Now, I must admit, I have chuckled at the segments on my favorite morning show when psychologists sit in the fluffy chair and talk about the waist and bust size of Barbie and how it affects the body image of little girls all across the country. I grew up with old-school Barbie, played with them until I was embarrassed to say it out loud, and I think I turned out okay. But, my Barbie didn't dress the way the new generation does. My Barbies wore long dresses or pants or clothes that my grandmother made from fabric scraps. I had a wedding dress and a bride's maid dress and a Barbie that rode a horse and had a fancy riding outfit complete with fringe.

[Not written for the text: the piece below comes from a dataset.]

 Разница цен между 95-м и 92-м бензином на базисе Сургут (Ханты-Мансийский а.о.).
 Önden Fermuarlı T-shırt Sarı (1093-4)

I vaguely remember shoes, but they were simple heels and usually tossed to the side because they seemed irrelevant. Now Barbies dress in tube tops and hot pants, platform heels or boots, mini skirts, low-cut dresses, and sandals that strap up their leg. What sort of an ideal does it put into their little minds when Barbie dresses like a hooker? Literally like a street walker. I don't know anyone who wears the type of clothing and shoes I found in the bag full of Barbie-wear in my daughter's room, and I certainly don't consider it appropriate or attractive.

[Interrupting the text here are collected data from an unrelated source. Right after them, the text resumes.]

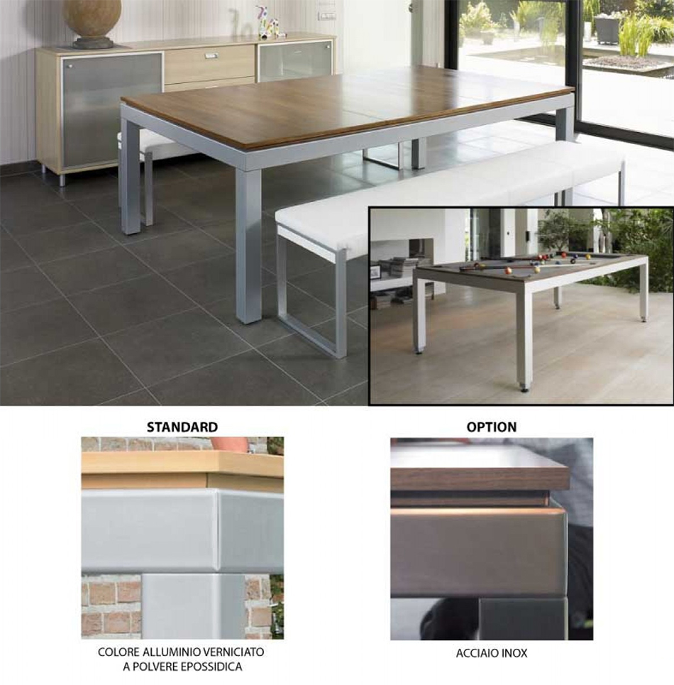 Eleganza e multifunzionalità come si evince dal suo stesso nome, il tavolo Fusion è un tavolo da pranzo dal design semplice emoderno che racchiude un vero e proprio biliardo professionale. Basta far scorrere orizzontalmente parte della superficie del tavolo da pranzo per scoprire il biliardo. Il sistema Easy Lift consente di sollevare facilmente il tavolo aggiungendo altri 75mm all'altezza standard per raggiungere l'altezza del gioco regolamentare. Il tavolo è caratterizzato da un robusto telaio in acciaio ed è prodotto usando moderni materiali di design ed una minuziosa selezione di legni impiallacciati. Viene fornito con un'ardesia naturale tagliata a precisione di 19mm. Il sistema di sponde velocity K66 assicura un eccezionale rimbalzo delle bilie. Viene fornito con apnno in filato pettinato aramith preinstallato che garantisce velocità ottimale, facile manutenzione e lunga durata.
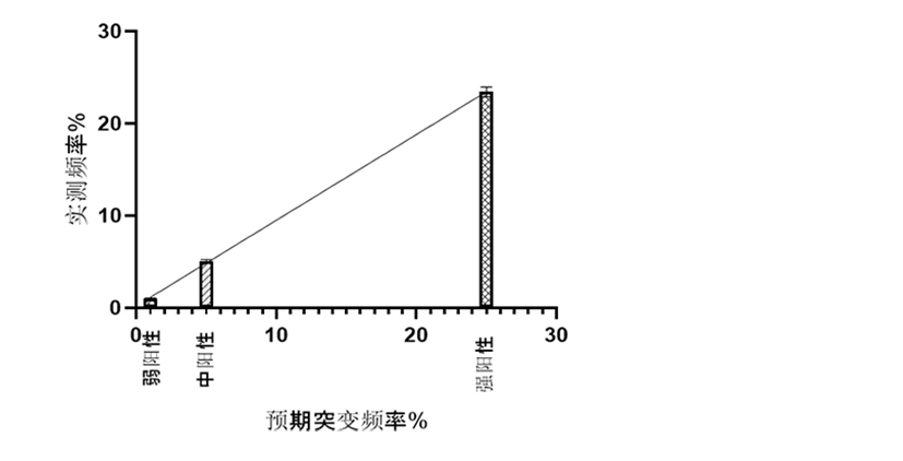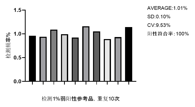 Figure 2. 同一批號試劑盒對一份弱陽性參考品進(jìn)行10次重復(fù)檢測,結(jié)果均為T790M陽性,陽性符合率100%,突變頻率變異系數(shù)CV≤30%,符合預(yù)期。
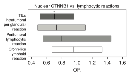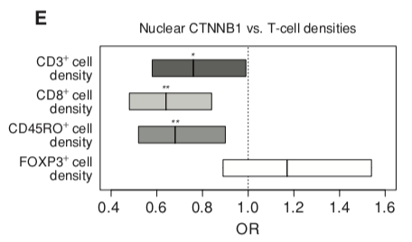 图4: 根据核CTNNB1对T淋巴细胞浸润进行IHC分析
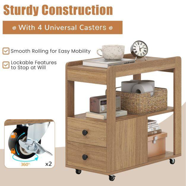Revolutionize your space with our sleek, lockable end table on wheels! Maximize storage with this stylish 3-tier, 2-drawer table, designed to glide effortlessly into tight corners or alongside your sofa. Lock it in place for a sturdy, spill-free setup. This piece isn’t just functional - its strong build and easy-clean finish ensure enduring beauty, making it a smart addition to any busy home. With raised edges and round corners, it’s as safe as it is chic. Perfect for small spaces but spacious enough for all your essentials—upgrade your living room, bedroom, or office today with this must-have mobile solution!

I guess I wonder where, as parents, we attempt to draw the line. And I did use the word attempt. Because unless we lock our kids in their room and take out the TV and the radio and internet connection, there's no real way to protect our children from the outside world. We are constantly surrounded by influence and have little to no control over what runs like a ticker tape in front of our children's eyes and floods into their little ears. Even if we choose the right television show to watch, perhaps on Animal Planet (a fave channel for all four of us to enjoy together), we still have to worry about the content of the commercials at the break. In the afternoon, I am shocked to hear some of the things discussed on the nationally aired show on our local pop station. And dare I even mention the songs... I can't tell you how many times David has come to me with a request to add to his playlist on his MP3 player when I have to turn him down. And there are some which I agree to that I later regret.

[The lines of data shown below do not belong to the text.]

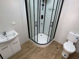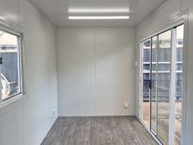 This includes full insulation paired with a 2.5kw aircon to keep your area cool during the summer and warmer during the winter months. One glass sliding door, one sliding window (both lockable) and vinyl flooring are also included alongside 4 x double powerpoints, 2 x LED batton lights and a 15AMP inlet. This conversion layout is completely customisable and we can add extras such as a kitchenette, toilet, bathroom, external paint, additional windows, etc.
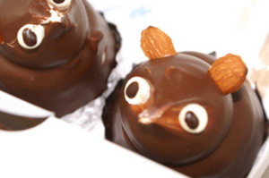 上面の淵周りをチョコであみあみにして、間に赤と緑のゼリーが交互にちょこんとスライムみたいにいた。
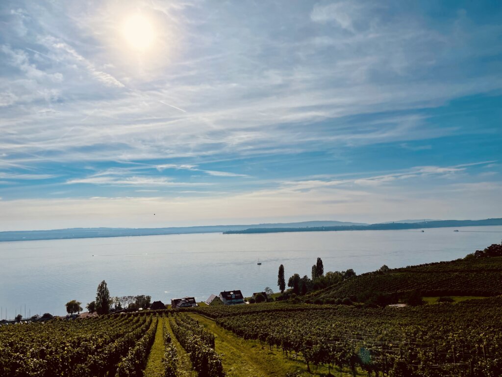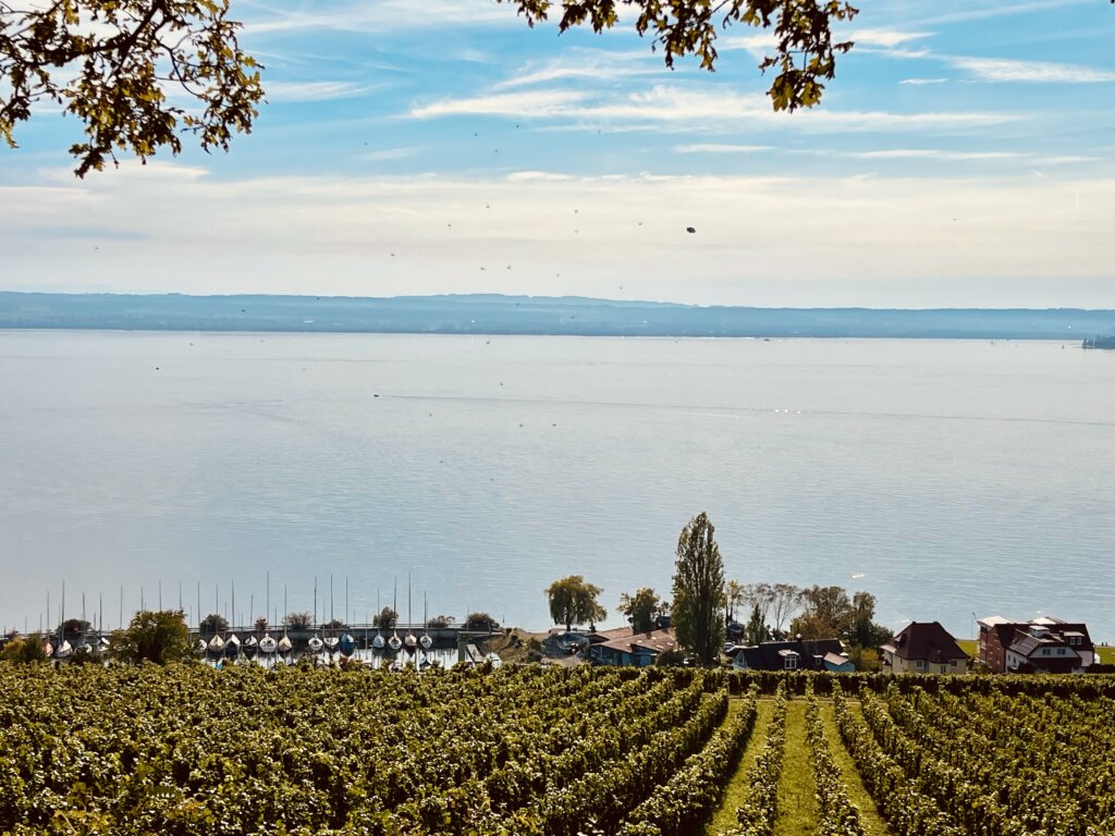 Danach fuhren wir an den Bodensee und bekamen den vorletzten Platz in Stetten, ein schöner Stellplatz. Kurzes Radtürchen mit Stop in einer Winzerstube, mitten in den Weinbergen und schönen Blick auf den See.
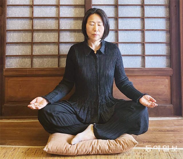 이순심 대표가 편안히 앉아 단공호흡을 하고 있다. 단공호흡은 단전의 기를 비우고 새로운 기를 불어넣는 호흡법으로 심신의 안정을 찾아주는 효과가 있다.
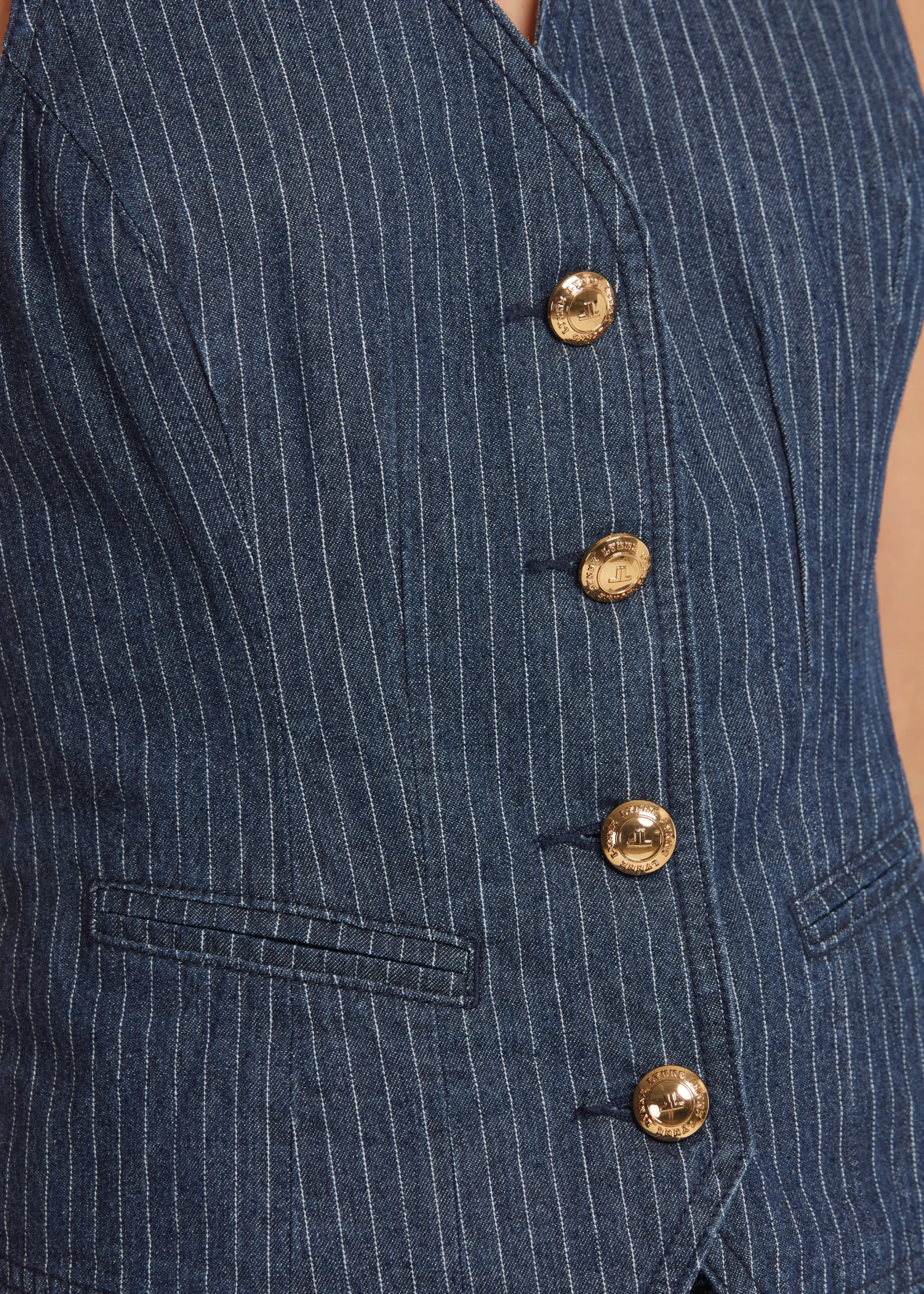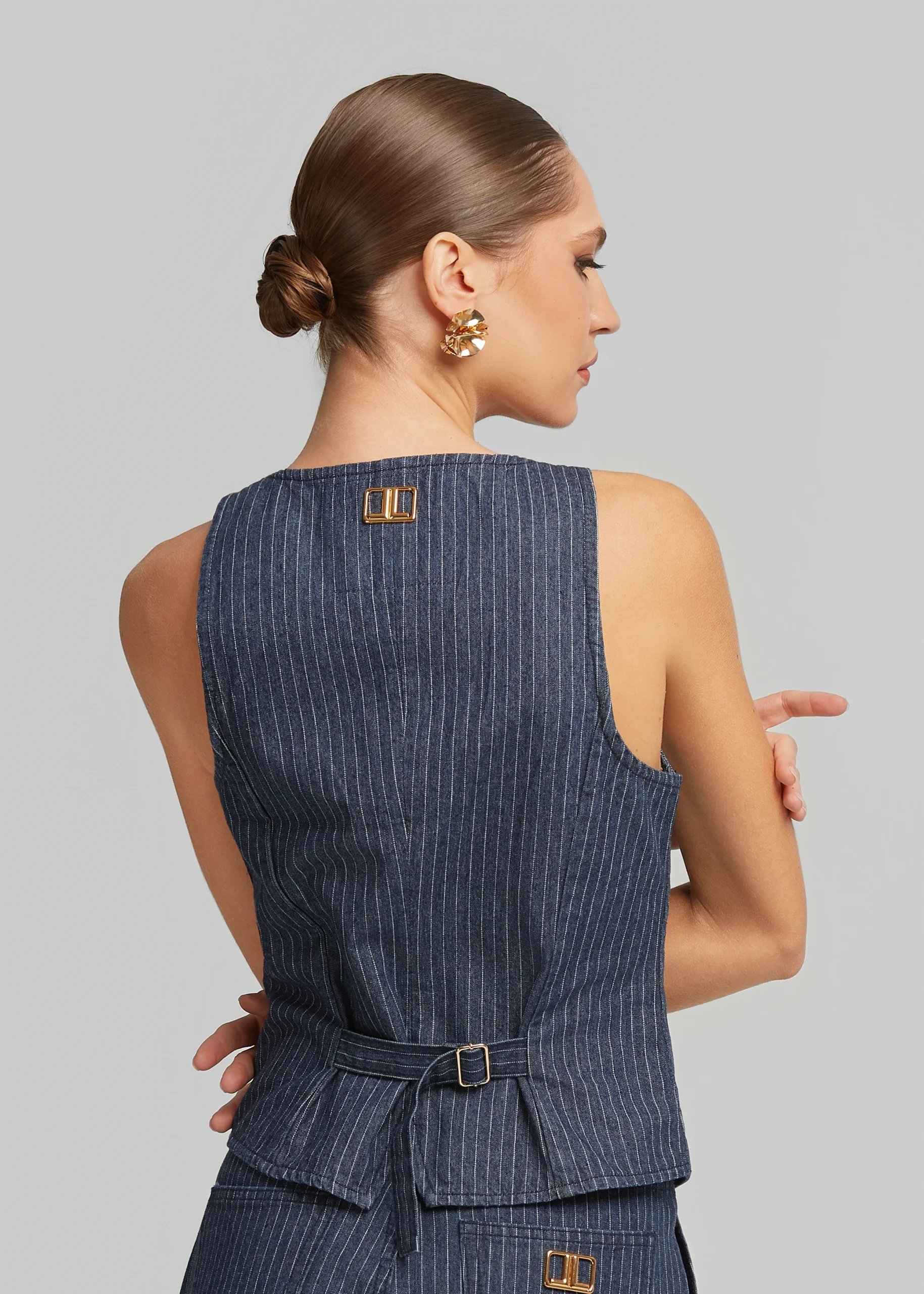 - Τζιν ριγέ γιλέκο με μεταλλικά κουμπιά και ρυθμιζομενη μέση

If there was ever a time in my life that I doubted the existence of Satan or an Evil One, it was before I had kids. Seems like he starts in on their precious souls as soon as they start breathing, and these days, there's more opportunity than ever. Between the sassy mouthed stars of the popular television shows and the raunchy lyrics to the top-ten songs, seems like there's no safe place. I do try to take small opportunities to interject little thoughts or question my children on their thoughts of whether they feel something is appropriate or not. I would love to begin a new tradition with my kids, a devotional time, but getting my kids to sit down with me (and each other) long enough to do so may prove more difficult than it sounds. Especially after we somehow manage to get our reading assignments and homework done for the day. But it's something I really feel convicted to do lately, so I want to make the move to do so at least a few times a week. Maybe tonight we can start... right after I toss out that pair of silver Barbie boots and start sewing the perfect realistic outfit for Barbie and her friends ~ a pair of jeans, a sweatshirt, complete with grey New Balance.